Writer: Gabriel Fernandez
(Check out COMPILER.BAS which is a part of this tutorial -ed)
Hi, welcome to the first Part of the my compiler tutorial. I made this tutorial to help the 'QB Cult Magazine', which, I think is the best qbasic magazine.
Well, I think you know Gabasic, it is a basic compiler I made in qbasic, check http://gab_soft.tripod.com to download it, I hope this tut is going to leave you ready to create a compiler like(or maybe better) than Gabasic in QB.
I'm going to teach how to make a compiler that works in RealMode, because this is the mode that everyone knows how it works.
You must have assembler knowledge to read this tutorial.

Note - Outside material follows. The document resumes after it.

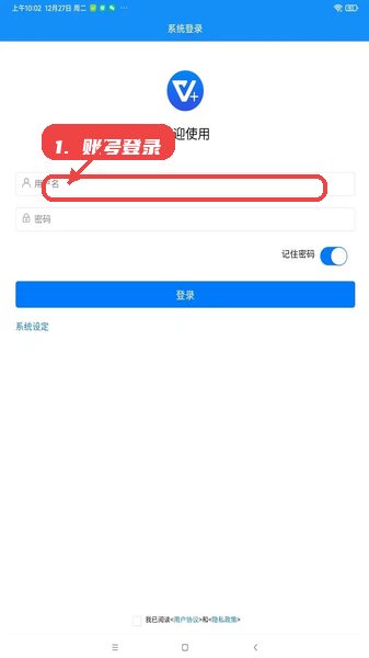打开聚微云APP后,在登录界面输入正确的用户名和密码,若需要可勾选“记住密码”,加快后续登录速度,点击登录进入系统主界面。

Well, let's start the tutorial.
|First, make:||- A string using DIM SHARED called Text$|
- A variable using DIM SHARED called linen&
Here are the most important subs and functions (if you don't understend something, don't worry because all the subs will be explained later):
- A sub to show program errors|
'SUB ShowError (ErrorNumber)'
- A lot of subs for Keywords|
'SUB Keyword.NAME (Parameters)'
Example: SUB Keyword.CLS ()
- Functions to return words, and full sentences|
'FUNCTION GetWord$ ()'
'FUNCTION GetFullWord$ ()'
- The math Parser(more info later)|
'SUB Parser.Math (Mode)'
- The string Parser|
'SUB Parser.String ()' *
- A function that will check if a text must be parse using the
math parser or the string parser. This is needed for IF, LOOP|
'FUNCTION Gettexttype ()' *
The main program should look like this:
DIM SHARED text$ DIM SHARED linen& OPEN Inputfile$ FOR INPUT AS #1 OPEN Outasm$ FOR OUTPUT AS #2 DO WHILE NOT EOF(1) Line input #1, text$ linen& = linen& + 1 ; Here we will check keywords, subs, etc. LOOP CLOSE
The main program is very simple, it just read each line of the InputFile$ and it adds one to linen&(which has the number of the current line read), until we reach the end of the file. Of course we are going to add a lot of stuff to this program.
Now, I will explain what a 'Parser' is.
Parser: A parser analize and generates assembler (not necesary assembler) code for math or string operations. A Parser is the 50% of the compiler.
A math parser will read and generate code of a text that only has math operations on it, like "1 + 2 / 3 + 4".
The math Parser that we will create will parse text and leave the result in AX, so, if i use the math parser with the following text:
"5 + 4 * 2 / 6"
it will leave the result('3') in AX.
Our parser will support two modes of work, the 16 bit mode(integer mode) and the 32 bit mode(long mode), when our parser works in integer mode, the asm code will use 16 bit registers(AX, BX,...), when it works in long mode, it will use 32 bit registers(EAX, EBX,...)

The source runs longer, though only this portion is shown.